═════ SOURCE RECORDS

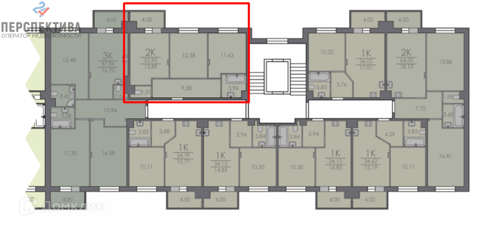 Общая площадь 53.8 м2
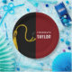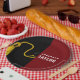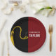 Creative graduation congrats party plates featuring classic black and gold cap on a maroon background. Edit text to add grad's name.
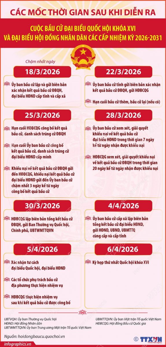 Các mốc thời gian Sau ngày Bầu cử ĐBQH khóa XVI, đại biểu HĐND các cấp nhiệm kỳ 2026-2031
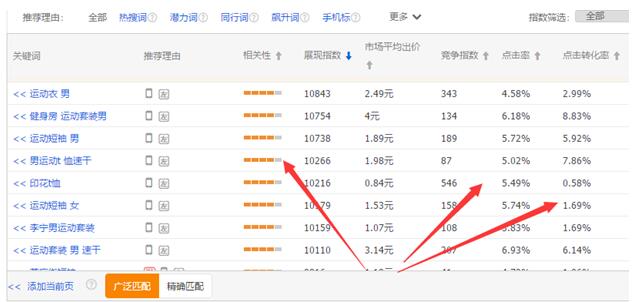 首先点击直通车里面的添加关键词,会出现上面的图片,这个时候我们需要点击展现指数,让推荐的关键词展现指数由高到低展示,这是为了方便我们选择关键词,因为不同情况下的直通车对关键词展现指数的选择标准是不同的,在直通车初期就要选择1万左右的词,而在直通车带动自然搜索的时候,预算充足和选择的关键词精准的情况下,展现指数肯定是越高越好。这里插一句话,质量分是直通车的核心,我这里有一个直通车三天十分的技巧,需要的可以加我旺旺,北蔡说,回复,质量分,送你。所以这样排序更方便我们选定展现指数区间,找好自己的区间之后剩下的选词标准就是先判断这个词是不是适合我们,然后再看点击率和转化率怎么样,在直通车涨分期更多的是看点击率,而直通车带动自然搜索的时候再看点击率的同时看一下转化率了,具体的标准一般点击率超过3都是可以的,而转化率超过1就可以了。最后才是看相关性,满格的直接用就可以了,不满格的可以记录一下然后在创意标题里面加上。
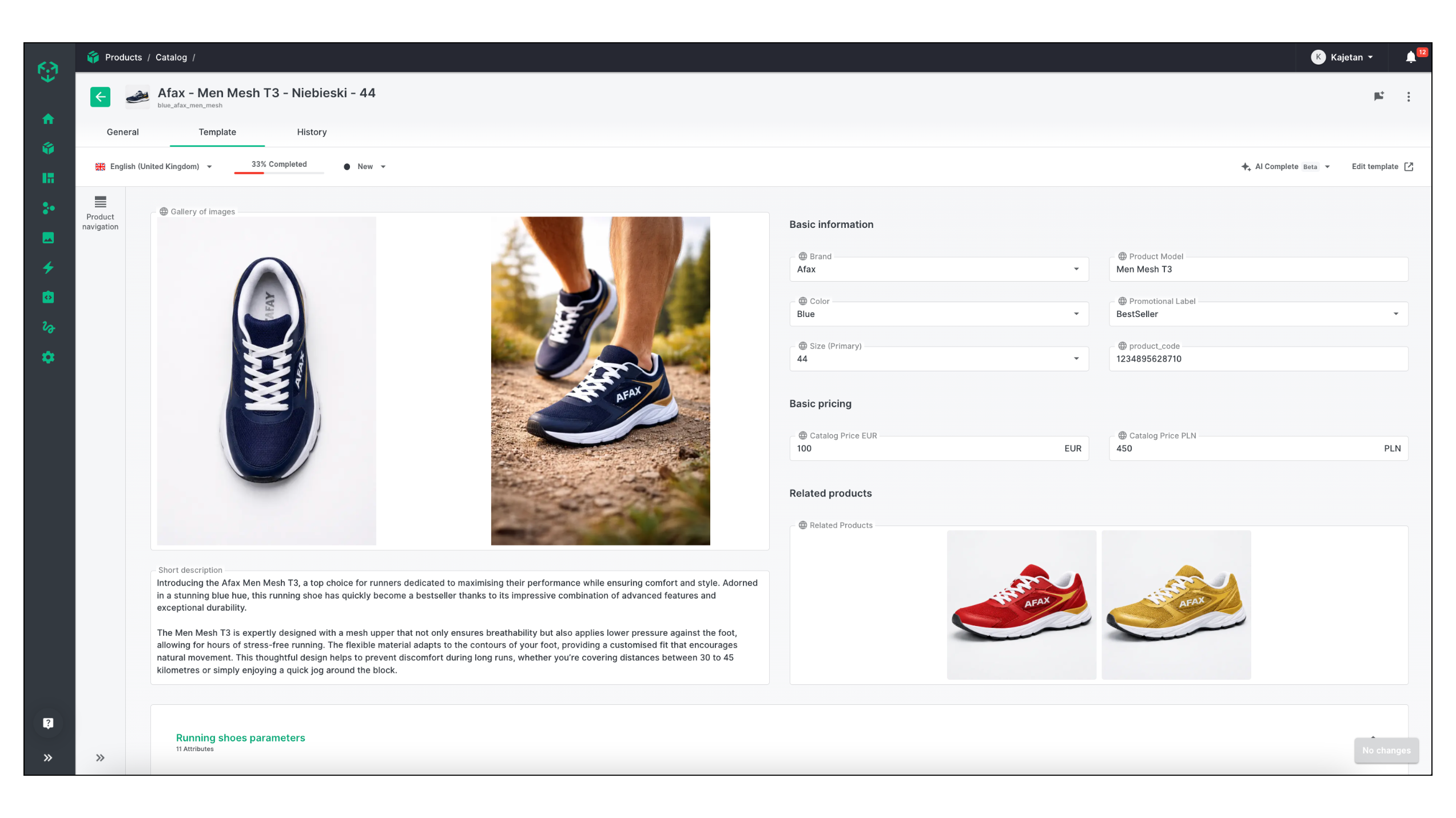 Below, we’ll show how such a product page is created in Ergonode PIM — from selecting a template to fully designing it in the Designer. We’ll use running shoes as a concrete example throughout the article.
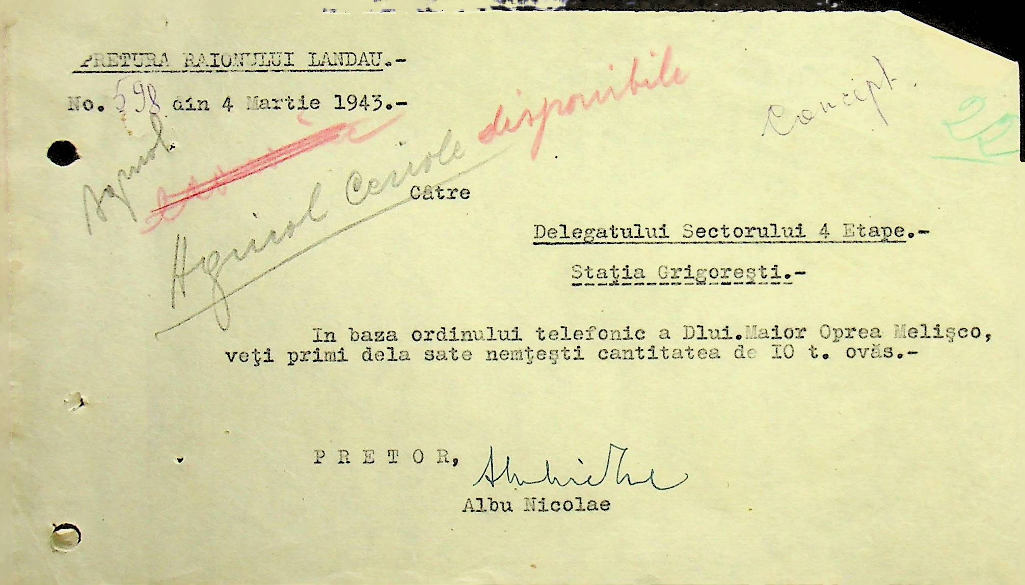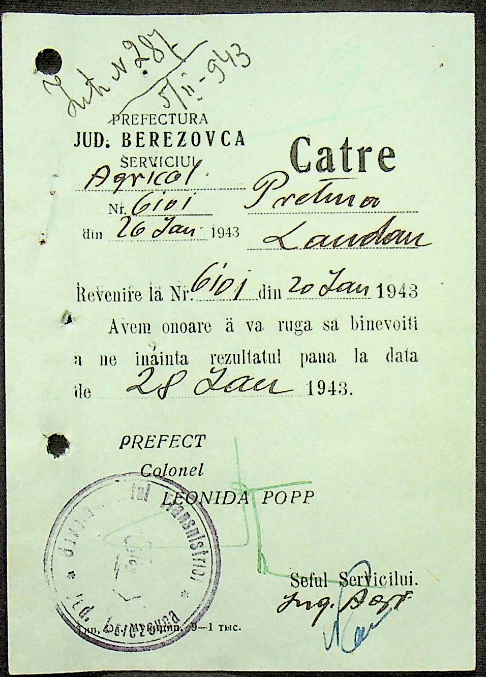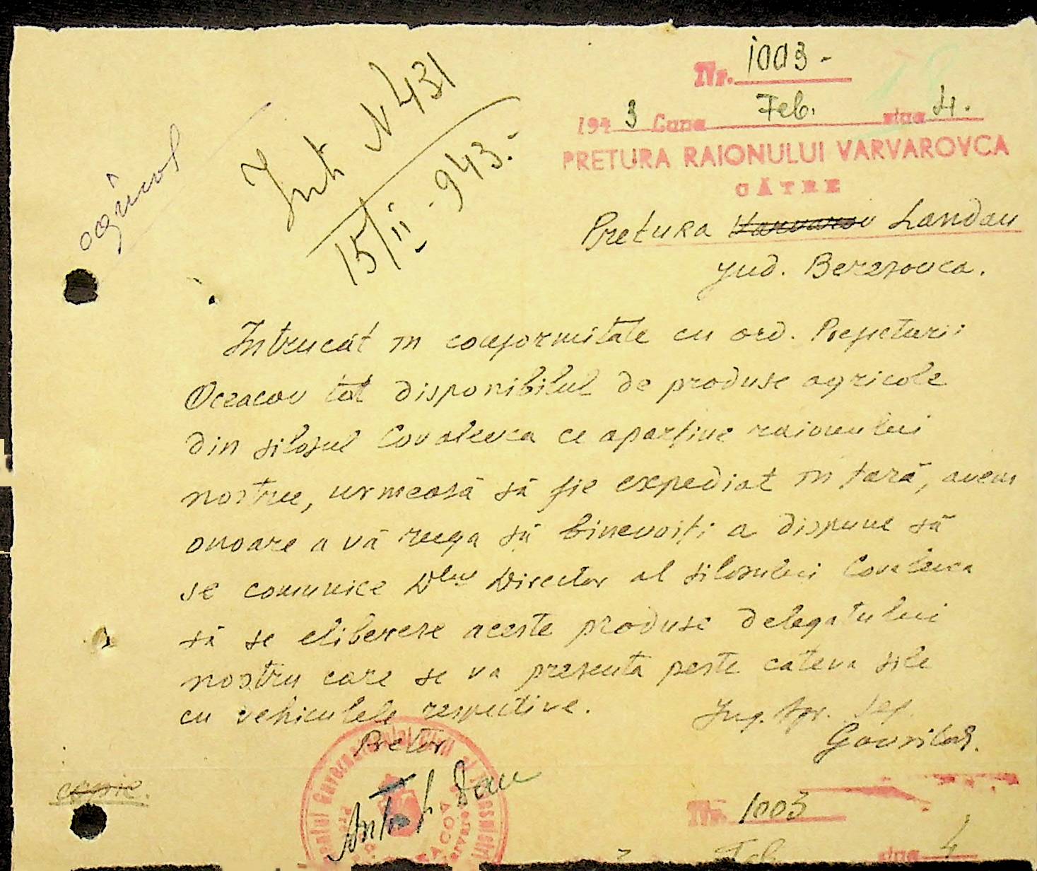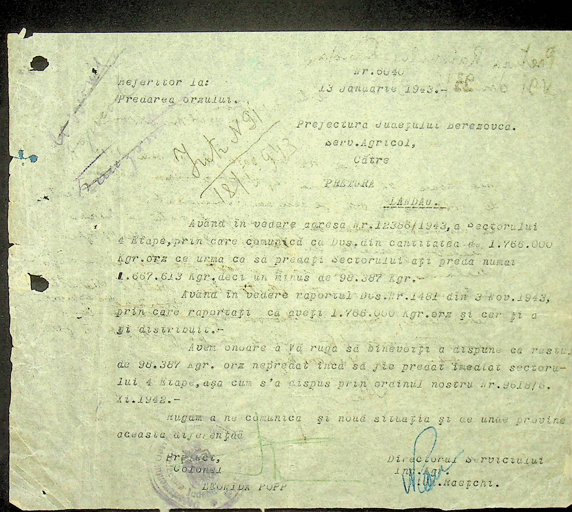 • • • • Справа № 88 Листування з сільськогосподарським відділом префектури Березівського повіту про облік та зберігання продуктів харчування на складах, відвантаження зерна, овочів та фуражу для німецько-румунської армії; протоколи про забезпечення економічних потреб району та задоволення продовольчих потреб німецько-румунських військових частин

══════════
═════ SOURCE RECORDS

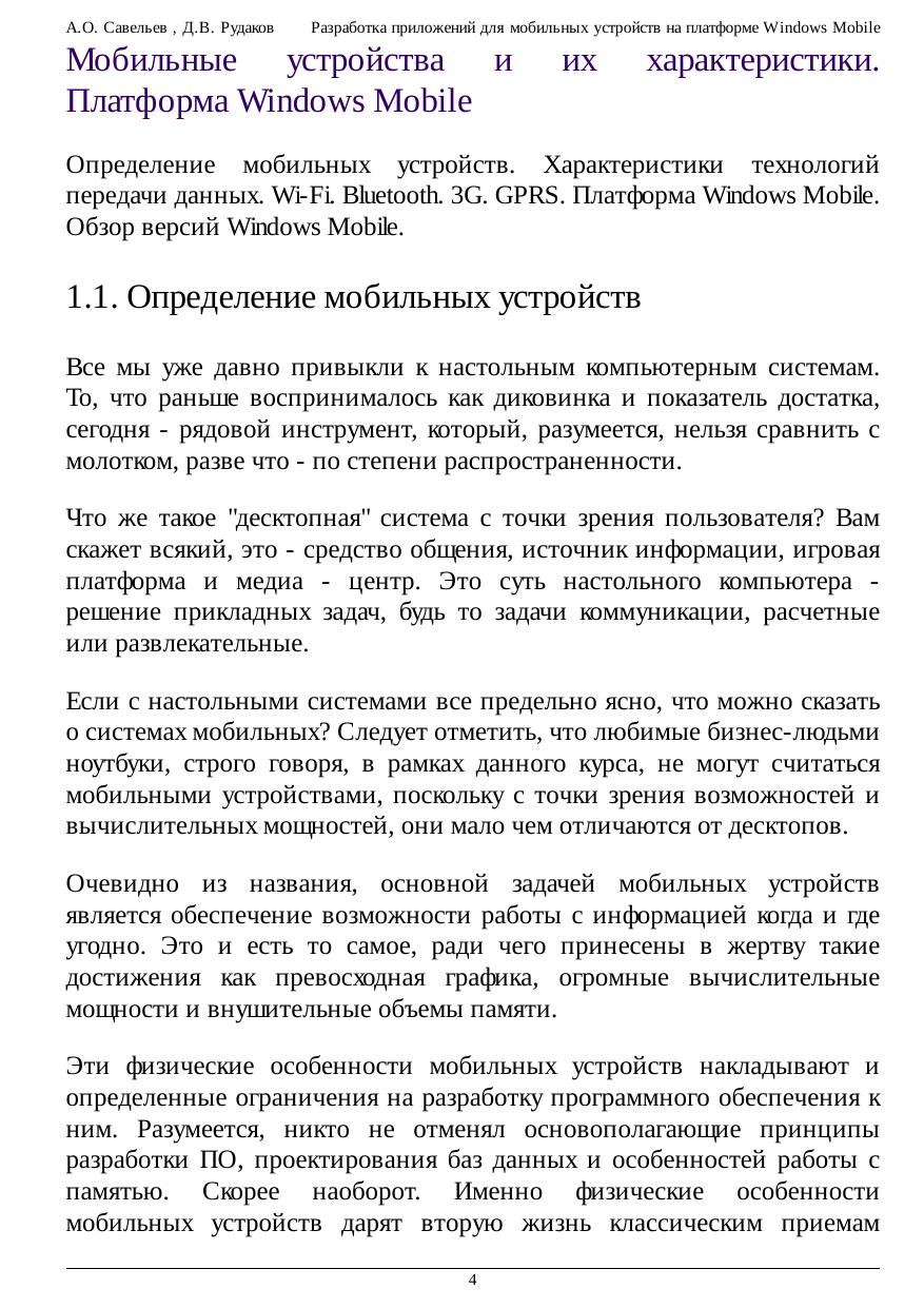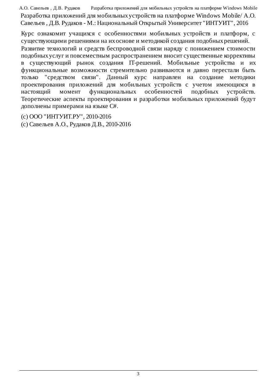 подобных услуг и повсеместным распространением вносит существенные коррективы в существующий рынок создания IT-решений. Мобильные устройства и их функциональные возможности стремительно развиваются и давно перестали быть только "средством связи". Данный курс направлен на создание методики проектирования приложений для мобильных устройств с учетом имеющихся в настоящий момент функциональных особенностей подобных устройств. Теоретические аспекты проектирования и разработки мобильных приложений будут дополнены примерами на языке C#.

══════════
═════ SOURCE RECORDS

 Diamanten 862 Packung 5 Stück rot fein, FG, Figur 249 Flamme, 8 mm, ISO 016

══════════

# [INSTRUCTIONS FOR THE TASK]
Using the listing above, restate exactly the range between the lines holding "Общая площадь 53.8 м2" and "Các mốc thời", inclusive, with pictures left out.

# [SOLUTION TO THIS PROBLEM]
 Общая площадь 53.8 м2
 Creative graduation congrats party plates featuring classic black and gold cap on a maroon background. Edit text to add grad's name.
 Các mốc thời gian Sau ngày Bầu cử ĐBQH khóa XVI, đại biểu HĐND các cấp nhiệm kỳ 2026-2031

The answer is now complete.